Publisher: Bloomsbury Visual Arts
File Extension: PDF
File size: 130 MB
Author: Mitchell Frank
ISBN: 9781350277274, 9781350277304, 1350277274, 1350277304
Language: English
Year: 2022

Product desciption

The Met And The Masses In Postwar America A Study Of The Museum And Popular Art Education Mitchell Frank by Mitchell Frank 9781350277274, 9781350277304, 1350277274, 1350277304 instant download after payment.

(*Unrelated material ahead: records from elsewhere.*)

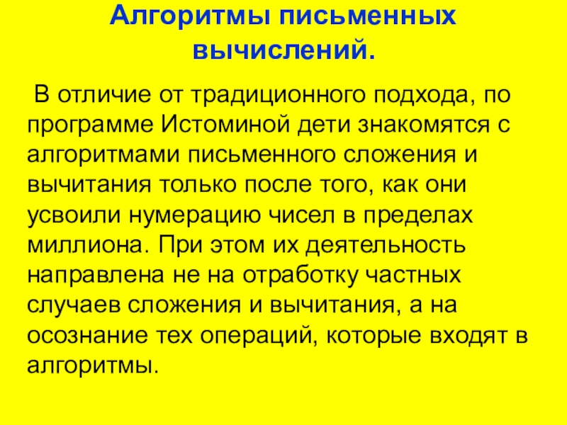 дети знакомятся с алгоритмами письменного сложения и вычитания только после того, как они усвоили нумерацию чисел в пределах миллиона. При этом их деятельность направлена не на отработку частных случаев сложения и вычитания, а на осознание тех операций, которые входят в алгоритмы.
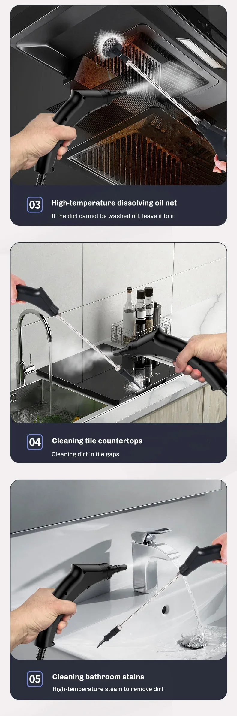 [Aukštos temperatūros ir slėgio garai] 2500 W didelės galios gali sukurti 120°C aukštos temperatūros ir 3 BAR slėgio garus per 10-15 sekundžių, efektyviai pašalindami sunkiai įsisenėjusius riebius nešvarumus ir dėmes.
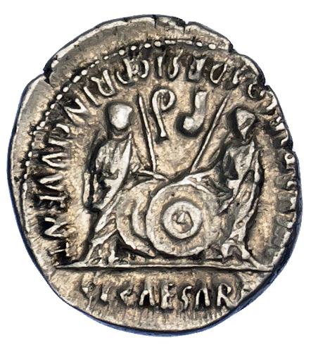 Reverse: C L CAESARE[S AVGVSTI F CO[S DESIG PRINC IVVENT], Gaius and Lucius Caesars standing facing, with honorary shields and spears; above, lituus and simpulum.
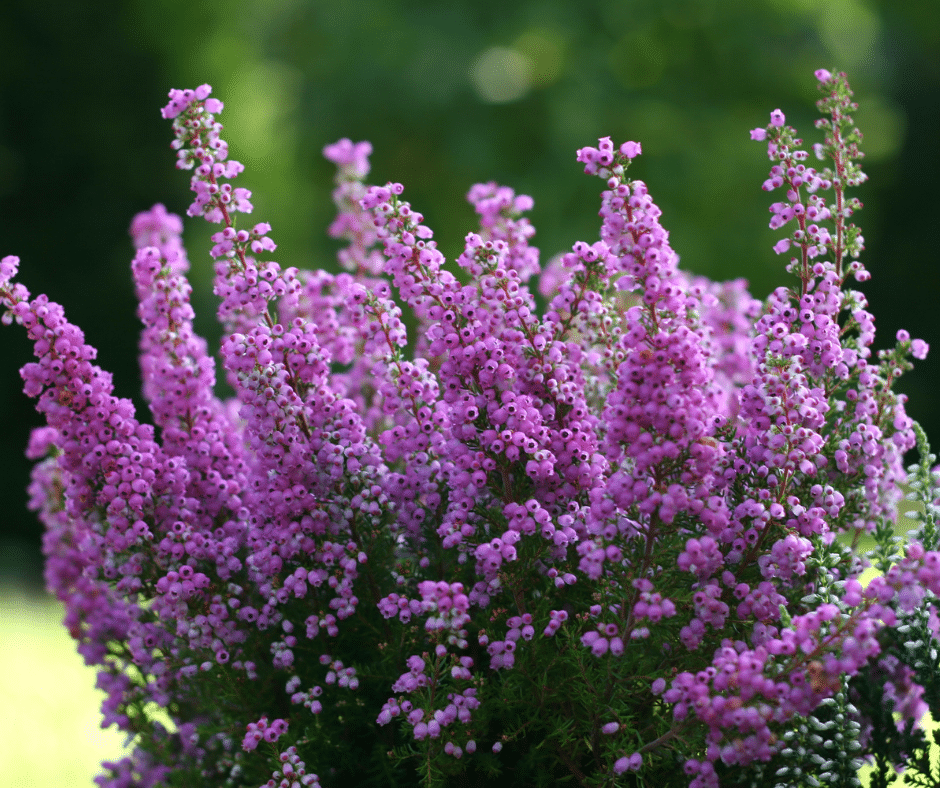 This low-growing shrub thrives in cool climates and acidic soils. Its tiny lavender or purple flowers bloom in dense clusters, often during late summer and fall.
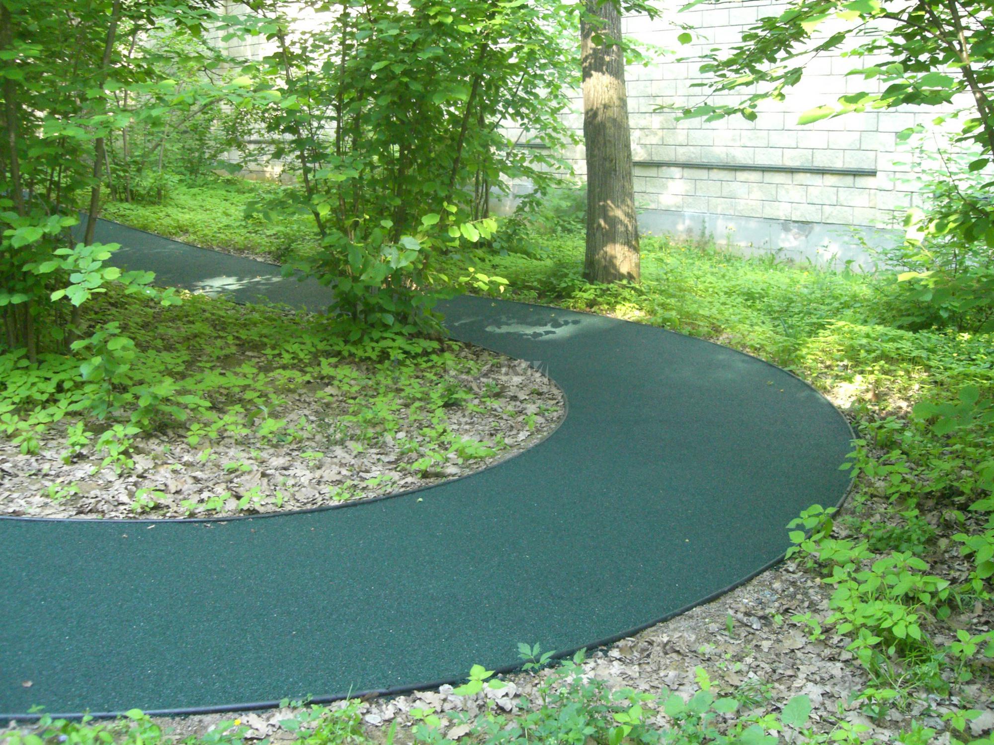Thanks to the rough terrain, you can create a beautiful mountainous terrain. In this case, it is advisable to place the tracks in lowlands, on both sides of which rocky rocks are laid out in the form of plates, which in turn are planted on concrete mortar. Earth on a hill is dotted with lawn, or creeping plants. The main principle of this decision will be the use of natural colors for mountainous areas, namely a green hue.
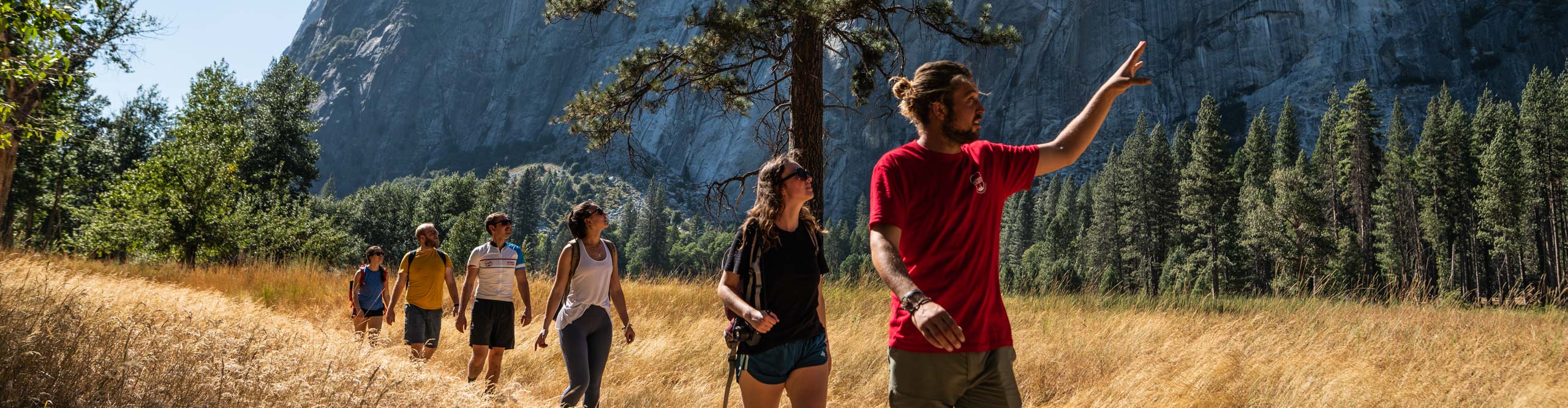 Tour guide and group walking though the long grass next to the mountain, Yosemite National Park, USA
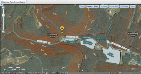 USGS combined topological and relief map mode view with search object 'Kittanning Run'. The Web software identifies the search item with short yellow point icon containing the 'A' (circled). Note that this 'official USGS confluence' is several miles from the official USGS Kittanning Gap.
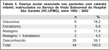 Estudos realizados em Serviços de Visão Subnormal no Brasil mostram a freqüência de catarata congênita variando de 5,8 a 13,0%(5-10). Neste estudo, a catarata infantil ocorreu em 3,3% dos casos, possivelmente pelo limite da faixa etária não referido nos trabalhos pesquisados. Segundo trabalho realizado em nosso Serviço de Visão Subnormal, encontrou-se uma freqüência de 5,8% para catarata congênita(8).
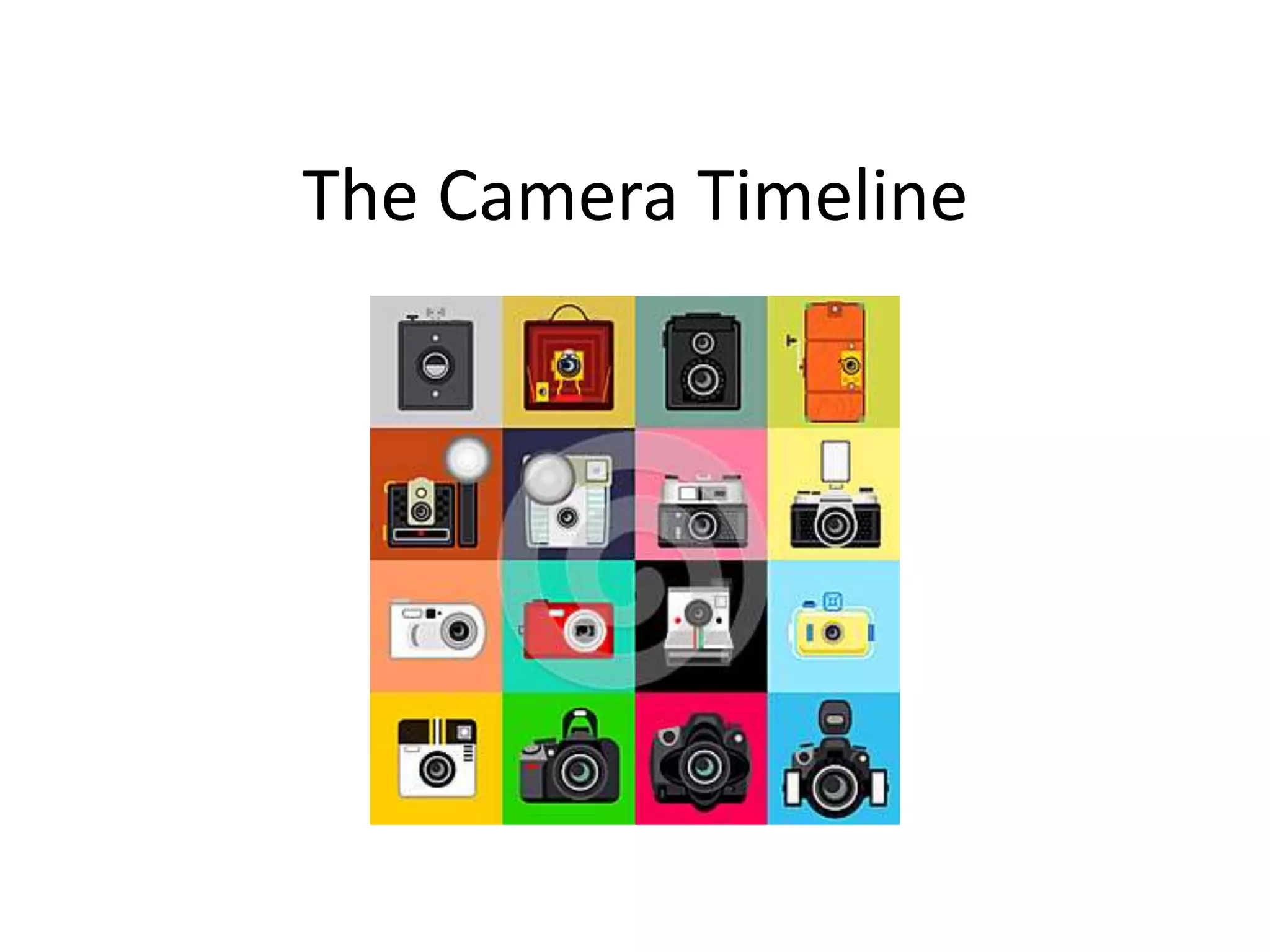 The document outlines the history and development of cameras from 1727 to present day. It describes several key innovations including Johann Heinrich Schulze discovering in 1727 that silver nitrate could capture images when exposed to light, paving the way for the first photographs. In 1837, Louis Daguerre invented the Daguerreotype process which reduced exposure time and prevented images from fading. George Eastman later invented the first roll-film camera in 1888, making picture taking more convenient. Edwin H. Land further developed instant photography with his Polaroid camera in 1948, allowing photos to develop immediately. Digital cameras were invented in the 1970s and became widely available to consumers in the 1980s and 1990s, changing how photos were
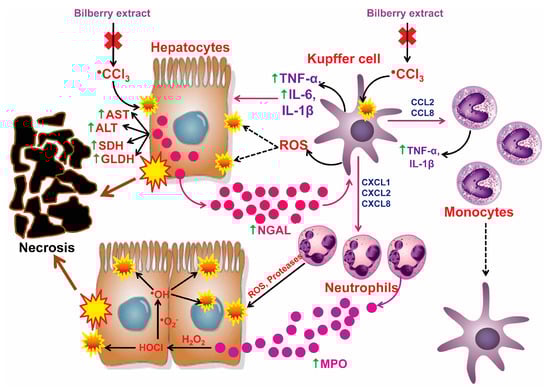 The results of this research confirmed that CCl4 caused a significantly increased level of the pro-inflammatory markers (TNF-α, IL-6, MPO, NO, NGAL) and the Kupffer cells identification marker (CD68), as well as immunohistochemical overexpression of pro-inflammatory mediators (TNF-α, COX-2, iNOS, NGAL, and CD68) in comparison to the results obtained from the untreated group, which is in accordance with the results presented in other similar studies [14,29,38,58,59,60]. TNF-α represents a pro-inflammatory cytokine, which has a major role in the pathogenesis of various acute and chronic liver disorders. During the inflammatory phase of the liver damage caused by the carbon tetrachloride, TNF-α contributed to the worsening of the damages provoked by the oxidative stress and inflammation [58]. TNF-α can activate hepatocytes, stellate cells, and endothelial cells, which attract and activate circulating inflammatory cells via released chemokines, which further stimulate the inflammation. On the other hand, TNF-α causes the cells’ necrosis by releasing the elastases and inducing ROS from the Kupffer cells. Moreover, TNF-α stimulates the release of NO from the liver macrophage by the induction of iNOS [49]. The activation and hyperplasia of Kupffer cells has a dual role—it is protective, but also potentially harmful. The protective role is based on the production of hepatoprotective cytokines (IL-10) in the hepatocyte regeneration process, and the harmful role is in the production of pro-inflammatory cytokines which significantly contribute to the pathogenesis of various chronic inflammatory diseases of liver-alcoholic liver disease (ALD), non-alcoholic steatohepatitis (NASH), and non-alcoholic fatty liver disease (NAFLD) [61,62]. In addition to its significant contribution to the process of lipid peroxidation, the trichloromethyl radical has a crucial role in the induction of the inflammation by activating the Kupffer cells in the liver. The activated Kupffer cells then produce and release a variety of inflammatory mediators (TNF-α, IL-6, IL-1β, PGE2, ROS, and eicosanoids), thereby reinforcing the damage of the parenchymatous liver cells [12]. Lipocalin-2 (LCN2) indicates an early biomarker of the liver inflammation, and its values are in correlation with the degree of the liver damage. Acute inflammatory and toxic damage of the liver, as well as the liberated pro-inflammatory cytokines (IL-1beta, IL-6, TNF-alpha) from the activated Kupffer cells, are powerful stimulants that induce the expression of LCN2 from the damaged hepatocytes. The most pronounced immunohistochemical detection of LCN2 is present in the centrilobular zone, which is consistent with the morphological distribution of hepatocyte damage in the liver acinus. On the other hand, the released LCN2 induces the Kupffer cells to release a different range of chemokines that attract the site of toxic damage and inflammation, neutrophils and monocytes [14,63,64]. The Kupffer cells attract neutrophils via CXCL1, CXCL2, CXCL8, and they attract monocytes to the center of inflammation and liver damage via CCL2 and CCL8 [60]. The attracted neutrophils releases ROS and proteases that further aggravate the damage causing necrosis. The increased activity of MPO in the liver homogenate, released from the activated neutrophils, confirms the morphological finding of inflammatory infiltration of neutrophils in the center of damage (Figure 3) [16,65]. The powerful antioxidant properties of anthocyanins, by neutralizing ●CCl3, reduce excessive activation of the Kupffer cells, which significantly contribute to the anti-inflammatory properties of the bilberry extracts.

In 1948, the Metropolitan Museum of Art went into business with the Book-of-the-Month Club to bring art to the wider public. The two institutions collaborated on three projects between 1948 and 1962: The Metropolitan Museum of Art Miniatures (1948–1957), the Metropolitan Seminars in Art (1958–60), and a print reproduction of Rembrandt’s Aristotle Contemplating the Bust of Homer (1962). While the Met had dedicated itself to public art education since its founding, the projects with the club were new types of ventures, as these very successful mail-order publications went directly into the homes of subscribers.
The Met and the Masses in Postwar America sets these commercial enterprises in a variety of contemporary and historical contexts, including the relation of cultural education to democracy in America, the history of the Met as an educational institution, the rise of art education in postwar America, and the concurrent transformation of the home into a space that mediated familial privacy and the public sphere. Using never before published archival material, this book demonstrates how the Met had to tread carefully in upholding its reputation as an institution of high culture when it brought art to the masses in postwar America.
In 1948, the Metropolitan Museum of Art (Met), under its director Francis Henry Taylor, went into business with the Book-of-the-Month Club (BOMC) to bring art to the masses. Between 1948 and 1962, the two institutions collaborated on three projects: The Metropolitan Museum of Art Miniatures (1948-1957), a series of stamps and albums; the Metropolitan Seminars in Art (1958-60), a course in art appreciation and art history; and a print reproduction of Rembrandt’s Aristotle Contemplating the Bust of Homer (1962), which the Met had purchased in 1961 for a record price. While the Met had dedicated itself to public art education since its founding, the projects with the BOMC were new types of ventures for the museum. Unlike the traditional work of museum education, these very successful mail-order publications went directly into the homes of subscribers. The Met and the Masses sets these enterprises in middlebrow culture in a variety of contemporary and historical contexts, including the relation of culture and art reproduction to commerce and democracy in America, the history of the Met as an educational institution, the rise of art education in postwar America, and the concurrent transformation of the home into a space that mediated familial privacy and the public sphere. Using never before published archival material, The Met and the Masses demonstrates how the Met, in its ventures with the BOMC, had to tread carefully in upholding its reputation as an institution of high culture when it brought art to the masses in postwar America.